Material provided |
====================
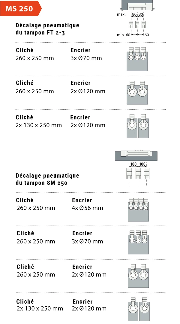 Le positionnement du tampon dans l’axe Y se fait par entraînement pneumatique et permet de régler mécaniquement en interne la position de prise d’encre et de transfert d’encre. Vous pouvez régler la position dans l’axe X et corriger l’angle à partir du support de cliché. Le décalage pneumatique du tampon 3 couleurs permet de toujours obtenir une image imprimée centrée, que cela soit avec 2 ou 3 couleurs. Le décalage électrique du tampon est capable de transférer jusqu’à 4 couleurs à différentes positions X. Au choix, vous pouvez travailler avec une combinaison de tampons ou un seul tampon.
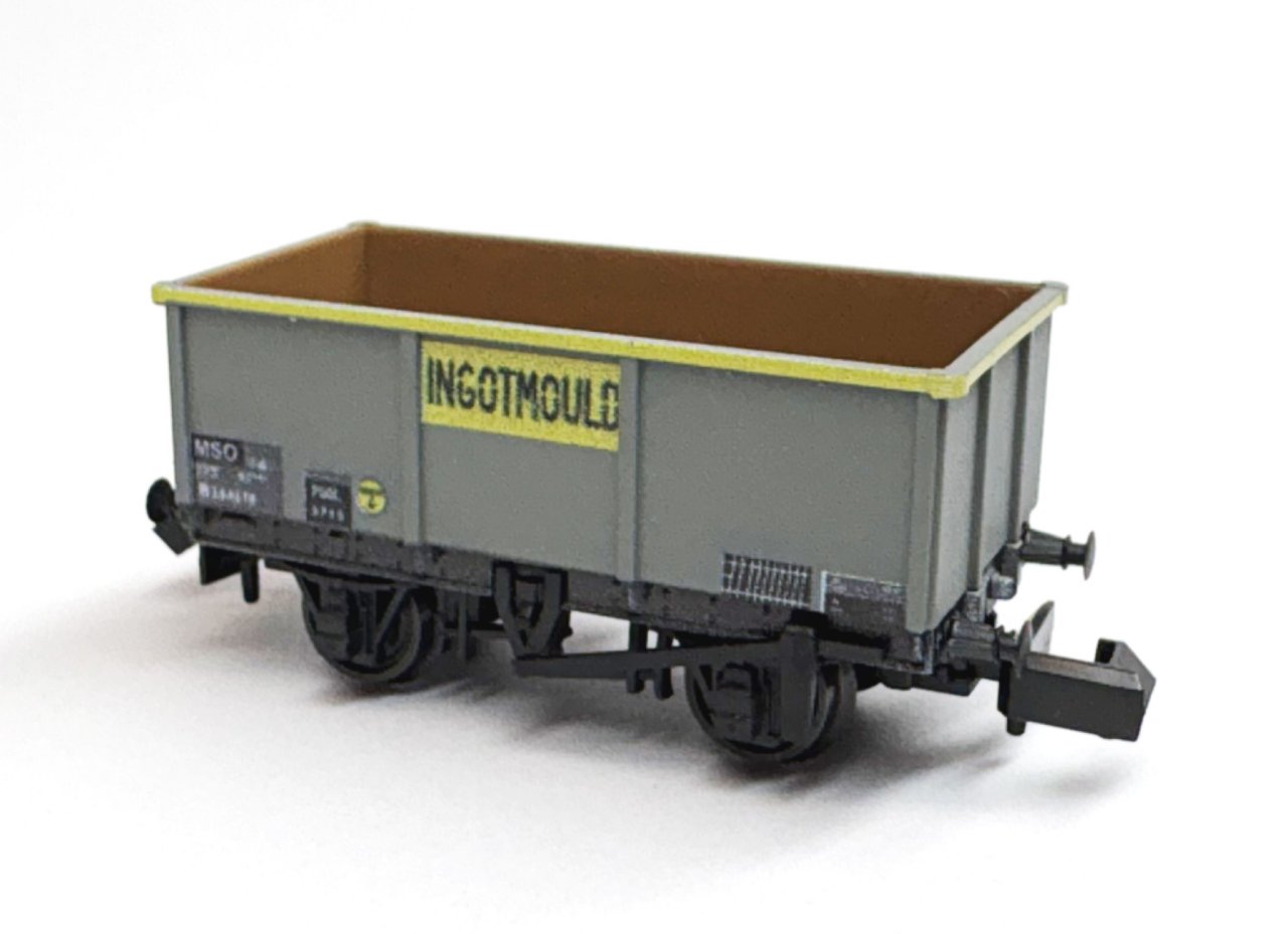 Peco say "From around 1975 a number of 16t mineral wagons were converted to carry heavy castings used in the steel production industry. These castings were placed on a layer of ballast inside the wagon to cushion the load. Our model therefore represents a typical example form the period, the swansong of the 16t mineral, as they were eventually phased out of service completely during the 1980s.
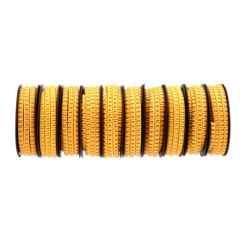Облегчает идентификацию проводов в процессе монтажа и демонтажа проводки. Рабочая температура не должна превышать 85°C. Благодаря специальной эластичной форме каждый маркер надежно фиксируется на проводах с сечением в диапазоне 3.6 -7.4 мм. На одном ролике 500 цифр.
====================
Required action |
The finished copy should match the data above word for word and contain no pictures.

Response below |
 Le positionnement du tampon dans l’axe Y se fait par entraînement pneumatique et permet de régler mécaniquement en interne la position de prise d’encre et de transfert d’encre. Vous pouvez régler la position dans l’axe X et corriger l’angle à partir du support de cliché. Le décalage pneumatique du tampon 3 couleurs permet de toujours obtenir une image imprimée centrée, que cela soit avec 2 ou 3 couleurs. Le décalage électrique du tampon est capable de transférer jusqu’à 4 couleurs à différentes positions X. Au choix, vous pouvez travailler avec une combinaison de tampons ou un seul tampon.
 Peco say "From around 1975 a number of 16t mineral wagons were converted to carry heavy castings used in the steel production industry. These castings were placed on a layer of ballast inside the wagon to cushion the load. Our model therefore represents a typical example form the period, the swansong of the 16t mineral, as they were eventually phased out of service completely during the 1980s.
Облегчает идентификацию проводов в процессе монтажа и демонтажа проводки. Рабочая температура не должна превышать 85°C. Благодаря специальной эластичной форме каждый маркер надежно фиксируется на проводах с сечением в диапазоне 3.6 -7.4 мм. На одном ролике 500 цифр.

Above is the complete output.